John Beckmann’s The Mortal Prophets has never operated like a traditional band. Instead, it feels more like a moving constellation — a project where avant-garde composition, Americana ghosts, and noir electronic atmospheres collide under shifting lunar light. With Hide Inside The Moon, Beckmann delivers one of the most immersive chapters yet: a psychedelic dream-pop album that doesn’t simply invite listening, but invites drifting. From the opening moments, Hide Inside The Moon establishes itself as a record suspended between worlds. Synths shimmer like heat mirages, guitars blur into prismatic afterimages, and voices appear and dissolve like echoes traveling across vast dream distances.
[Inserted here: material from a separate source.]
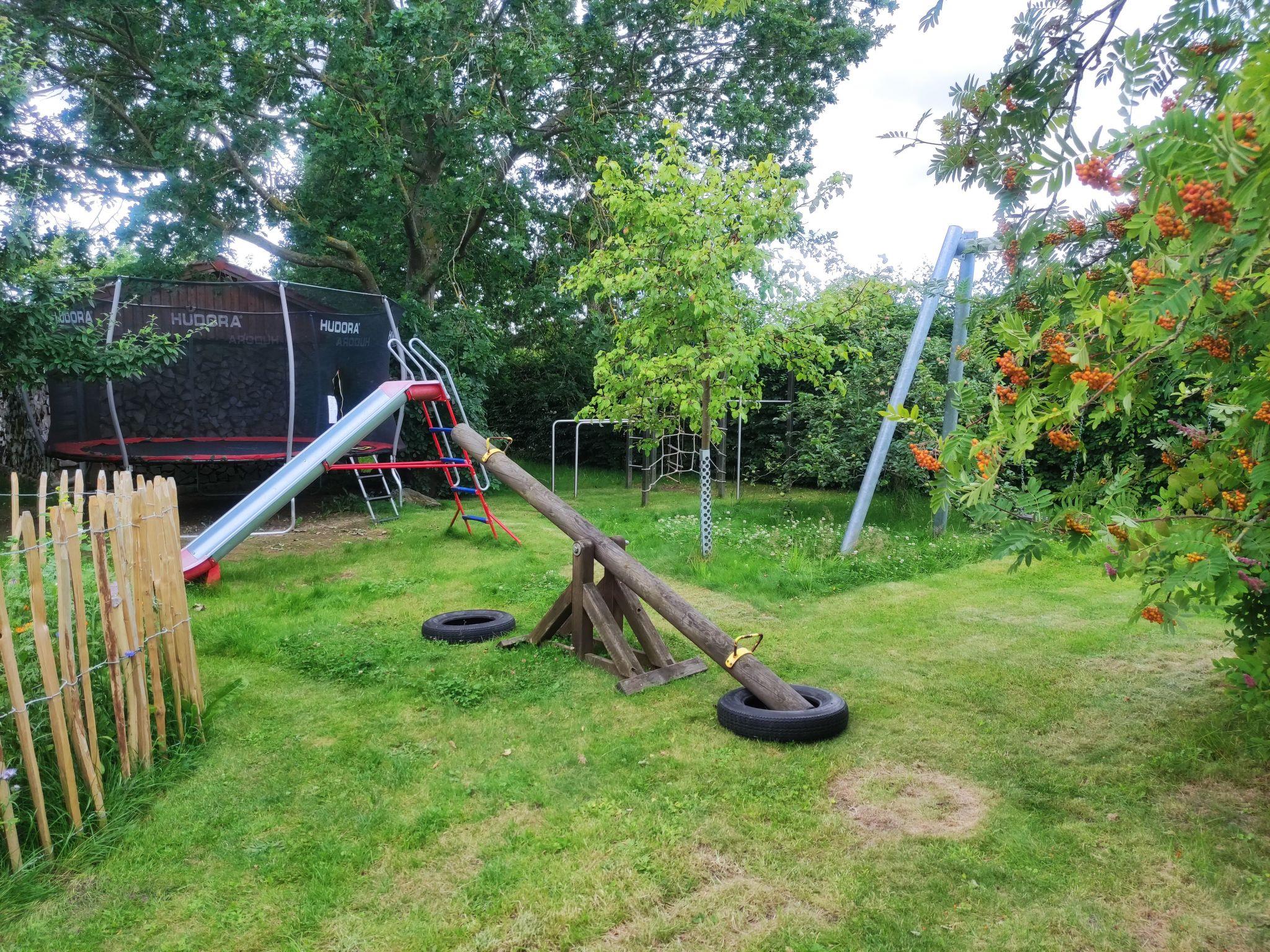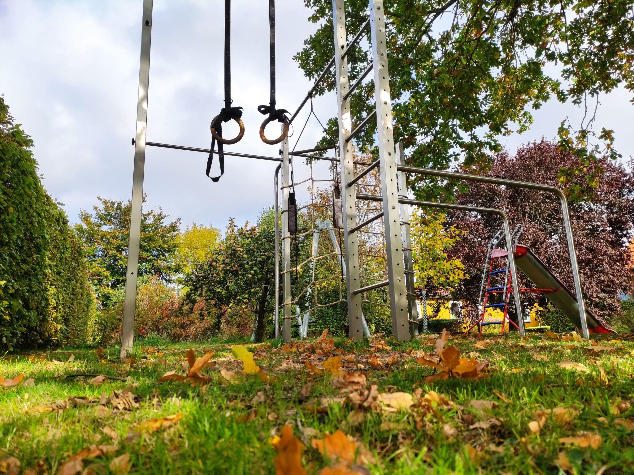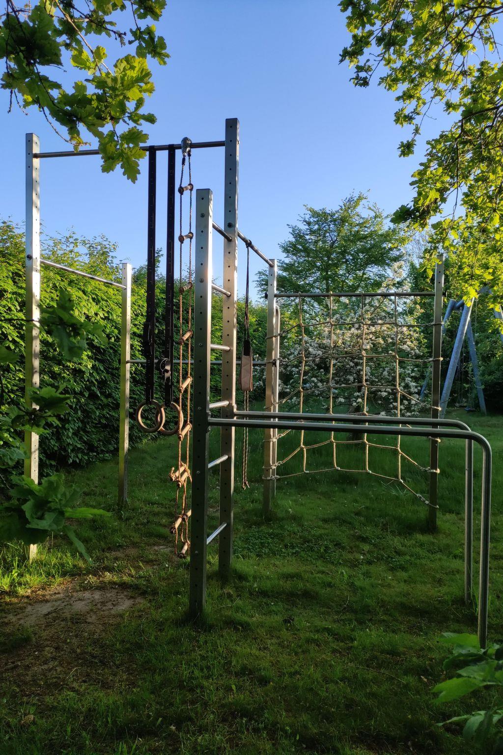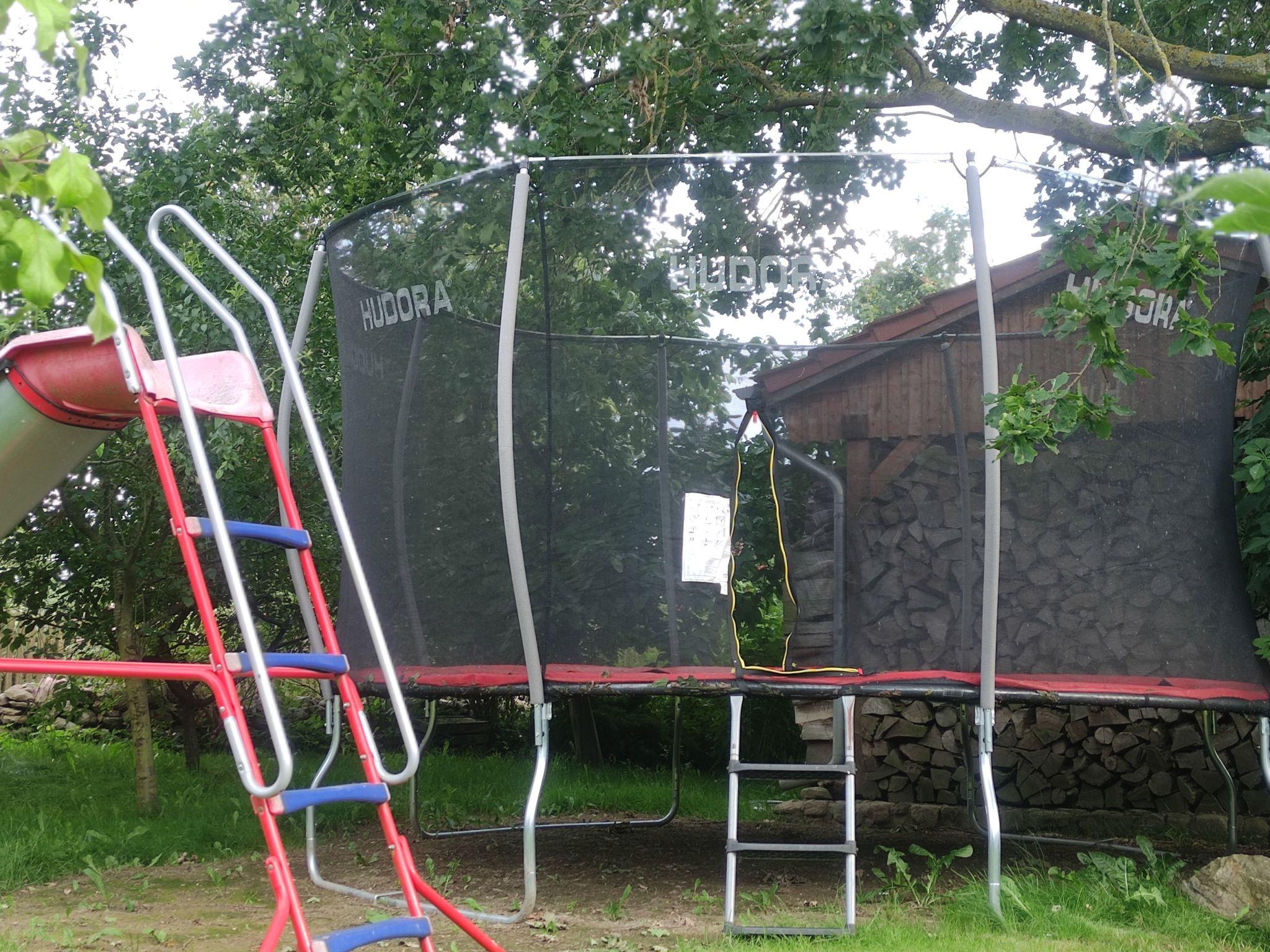 - Playground (also for adults) with - double swing - fitness station with 4 pull-up bars, gymnastic rings, dip bars, rung ladder, human flag pole, climbing net - slide, sandpit, climbing ladder, seesaw, 400 cm TRAMPOLIN

Beckmann’s cinematic sensibility — shaped by his background in visual art and design — is everywhere. These songs unfold like staged scenes: half-remembered deserts, neon-lit streets, red-curtained dream stages where reality frays at the edges.

Two new vocal presences, Tanner McGraw on lead and Lawson Mars on backing vocals, bring a spectral intimacy to the album. Their voices don’t dominate so much as haunt the songs, glowing briefly before dissolving back into the haze. It’s an inspired choice that deepens the record’s atmosphere, giving it the fragile emotional clarity of Robert Wyatt’s later work while maintaining the playful, haunted drift of Syd Barrett-era Pink Floyd. The tracklist reads like a surrealist poetry collection, and the songs live up to that promise. “Mad Girl’s Love Song (Sylvia Plath)” carries literary melancholy into dream-pop reverie, while “Desert Of No End (Cy Twombly)” draws inspiration from visual art, mirroring Twombly’s mythic scrawls in sound — restrained, eruptive, and emotionally raw. Beckmann’s lyrical approach favors suggestion over confession, drawing from Romantic poetry, mysticism, and beat-adjacent surrealism, making each track feel like a dispatch from the subconscious.
There’s also a distinct noir current running throughout. Songs like “Blue Velvet” and “Devil Doll” conjure Lynchian torch-song surrealism, recalling Angelo Badalamenti’s lush melancholy without slipping into imitation. Even at its strangest, the album remains tender — psychedelia grounded not in spectacle, but in longing. Themes of doubled realities, time bending back on itself, and memory as invention ripple across tracks like “My Future Past” and the title song “Hide Inside The Moon.” Beckmann doesn’t just describe these sensations — he induces them. The record breathes rather than rushes, hovering in a soft, immersive hallucination that feels both intimate and cosmic. Hide Inside The Moon traces constellation lines between Cocteau Twins, Beach House, Mazzy Star, Vangelis, and kosmische ambient drift, yet it remains unmistakably Mortal Prophets: iconoclastic, poetic, restless, and deeply human. In the end, Hide Inside The Moon is less an album than a dream-space — a luminous unconscious you can step into and wander for a while. Beckmann and his rotating cast of collaborators have crafted a record that feels haunted by American folk tradition, unbound by nostalgia, and devoted to the strange beauty of transcendence.